Current density (J), induced magnetic field (h), and the strength of electric field (E) are all variables in Eqs. (9) and (10). Also, H is the total magnetic field, and the magnetic field permeability is denoted by \(\mu _{0}\).

3 Nonlocal rotating nanobeam Euler–Bernoulli problem

The studied thermoelastic nanobeam illustrated in graph 1 has these dimensions: length L, width b, and thickness h. The nanobeam is completely immersed in a longitudinal magnetic field and continuously heated by convection, which is presented as a rectified sine wave. We will proceed further with the assumption that the nanobeam rotates about an axis parallel to the z-axis with a constant angular velocity Ω at a suitable distance from its first end, as is shown in Fig. 1. In addition, we supposed that the rotating nanobeam was sufficiently thin. As a result, the beam theory was taken from Euler–Bernoulli as an illustration of the thermomechanical behavior of a nanobeam. Cartesian coordinates \(( x,y,z )\) will be applied to study the proposed problem. Also, the graphene tape that is linked to the nanobeam and connected to an electrical source produces a variable temperature field, which is then applied to the material of the nanobeam. This causes the temperature of the field to change over time.

Figure 1
figure 1

A schematic representation of the revolving thermoelastic nanobeam

Based on the Euler–Bernoulli beam theory, which operates under the assumption of relatively minor deformations, the displacement components can be defined as

$$ u_{1} =u=-z \frac{\partial w}{\partial x},\qquad u_{2} =v=0,\qquad u_{3} =w=w ( x,t ), $$
(11)

where w denotes the transversal displacement (deflection).

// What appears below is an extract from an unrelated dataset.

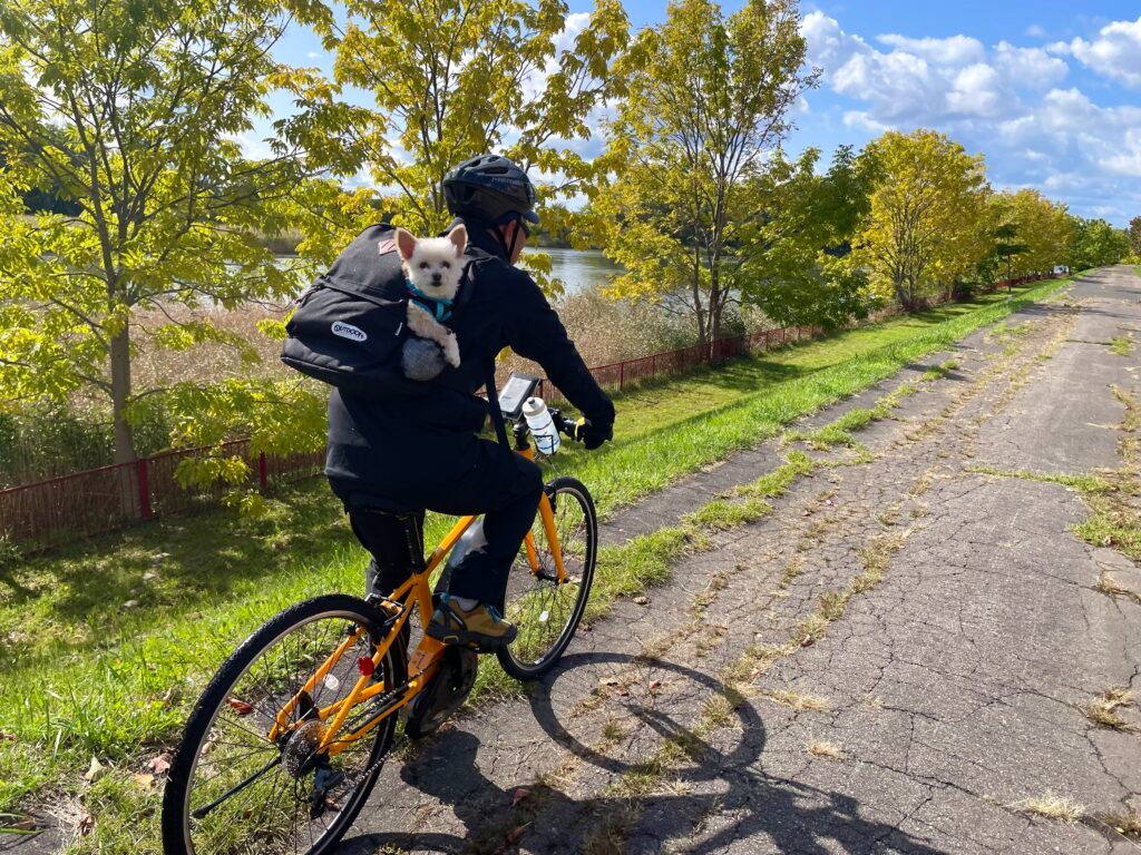 伴走車で大曲園地(9月:ひまわり・コスモス)へ。サイクリングスタート

We take into account the axial initial magnetic field H as a vector that acts on the rotating nanobeam in the form of \(\boldsymbol{H} = ( H_{0},0,0 )\). In this particular instance, after applying Eqs. (8) and (9), the induced magnetic field h can be calculated as

$$ \boldsymbol{h} = -H_{x} \biggl( \frac{\partial \boldsymbol{v}}{\partial y} + \frac{\partial \boldsymbol{w}}{\partial z},- \frac{\partial \boldsymbol{v}}{\partial x},- \frac{\partial \boldsymbol{w}}{\partial x} \biggr) = H_{x} \biggl( 0,0, \frac{\partial \boldsymbol{w}}{\partial x} \biggr). $$
(12)

When Eqs. (9) and (12) are used, the current density J is derived as

$$ \boldsymbol{J} = \nabla \times \boldsymbol{h}= -H_{x} \biggl( 0, \frac{\partial ^{2} w}{\partial x^{2}},0 \biggr). $$
(13)

As a result, the Lorentz force F that is induced by the axial magnetic field that is being applied can be computed as

$$ \boldsymbol{F} = ( f_{x}, f_{y}, f_{z} ) = \mu _{0} ( \boldsymbol{J} \times \boldsymbol{H} ) = \mu _{0} H_{x}^{2} \biggl( 0,0, \frac{\partial ^{2} w}{\partial x^{2}} \biggr). $$
(14)

If this is the case, the magnetic force per unit length, also known as the resulting Lorentz force, will have the following form [34]:

$$ f ( x ) = \int _{A} f_{z} \,\mathrm{d}A =A \mu _{0} H_{x}^{2} \frac{\partial ^{2} w}{\partial x^{2}}. $$
(15)

Because rotating parts are used so often in engineering, many researchers have been interested in how they behave mechanically. It has also been used to analyze the free vibrations of nanobeams, which rotate at varying speeds depending on their scale.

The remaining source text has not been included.